W sobotni poranek w kilku miejscowościach na skraju Pirenejów spadł deszcz, który zostawiał na szybach samochodów brudne, pyłowe ślady. Tymczasem na górskich stokach klimat z zimowego zmienił się w marsjański, a śnieg przybrał kolor głębokiego pomarańczu.
Zjawiska te związane są z przenoszeniem saharyjskiego pyłu nad Europę. Ciepłe powietrze, które płynie znad Sahary, dotarło najpierw do zachodniej części kontynentu, jednak nie jest wykluczone, że także we wschodnich regionach niebo zabarwi się na pomarańczowo.
W piątek na północny zachód od Zatoki Biskajskiej znajdował się niż i to właśnie on kierował powietrze znad Sahary w kierunku północnym, nad Francję i Pireneje.

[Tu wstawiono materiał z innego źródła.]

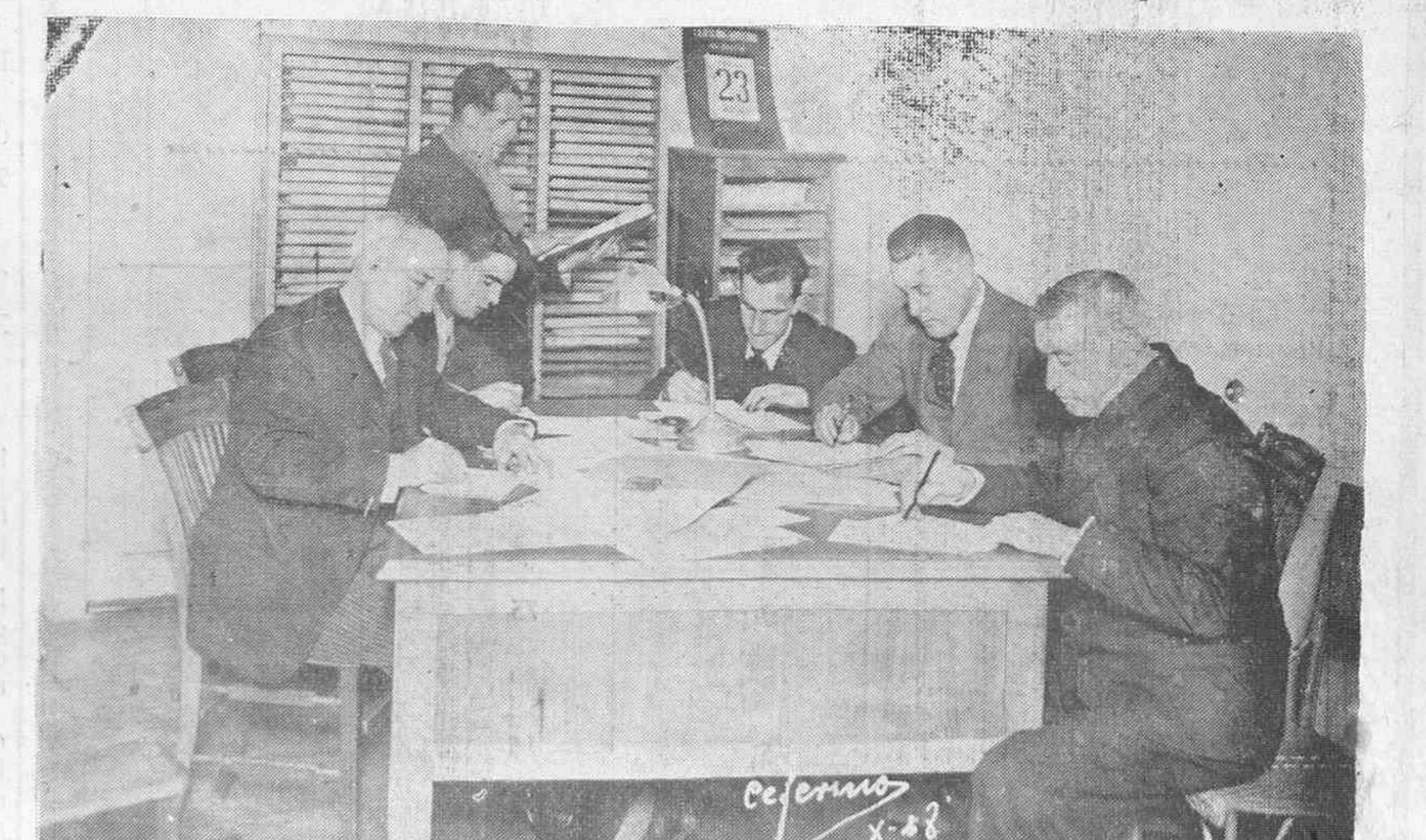
Sección de Archivos, en la que colaboran entusiastas miembros de Hermandad Alavesa.

Chmurę widać dokładnie w prognozie przepływu pyłów:
Nie pierwszy raz
Zjawisko to już kolejny raz w tym roku można obserwować nad Europą. W marcu pył saharyjski napłynął nad południowe regiony kontynentu. Niebo nad Grecją zmieniło kolor, a temperatura na Krecie wzrosła znacznie powyżej normy.
Tumany piaszczystego pyłu napłynęły wtedy nad kontynentalną Grecję i greckie wyspy, turecki region Egejski oraz inne obszary tego kraju. Gęstość pyłu była miejscami tak duża, że na obrazach satelitarnych nie dało się zauważyć powierzchni wschodniej części Morza Śródziemnego.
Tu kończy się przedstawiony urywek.